A blueprint for building a content aggregation platform that transforms YouTube channels, podcasts, and blogs into a unified feed of AI-generated Twitter-style threads.
This repository contains documentation and code snippets for building a system that:
- Aggregates content from YouTube, podcasts (RSS), and blogs (Substack, WordPress, RSS)
- Transcribes audio/video using Whisper on Modal's serverless GPU infrastructure
- Generates personas using Claude Opus to capture each source's writing voice
- Creates threads using Claude Sonnet to produce Twitter-style summaries
- Displays everything in a paginated feed via a REST API
Read these in order to understand and build the system:
- 00 - Overview — System architecture, data flow, and tech stack
- 01 - Data Models — Core database models (Site, Link, SitePersona, Thread)

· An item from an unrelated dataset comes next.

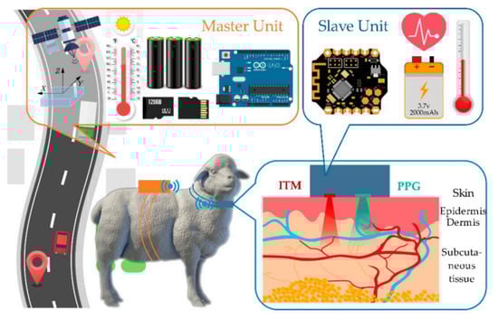 - Cui, Y.; Zhang, M.; Li, J.; Luo, H.; Zhang, X.; Fu, Z. WSMS: Wearable Stress Monitoring System based on IoT Multi-Sensor Platform for Living Sheep Transportation. Electronics 2019, 8, 441. [Google Scholar] [CrossRef]

- 02 - Scraping YouTube — YouTube Data API integration
- 03 - Scraping Podcasts — RSS feed parsing with feedparser
- 04 - Scraping Webpages — Substack, WordPress, and generic RSS
- 05 - Transcription — Modal + Whisper audio transcription pipeline
- 06 - AI Personas — Claude Opus persona generation
- 07 - AI Threads — Claude Sonnet thread generation
- 08 - Background Tasks — Django-Q task orchestration
- 09 - API Patterns — REST API design with Django REST Framework
| Layer | Technology |
|---|---|
| Backend | Django, Django REST Framework, Django-Q |
| Database | PostgreSQL |
| Transcription | Modal (serverless GPU) + OpenAI Whisper |
| AI Generation | Anthropic Claude (Opus for personas, Sonnet for threads) |
| Frontend | React (not covered in this guide) |
- Read the Overview to understand the architecture
- Set up your Data Models
- Implement scrapers for your desired content sources (docs 02-04)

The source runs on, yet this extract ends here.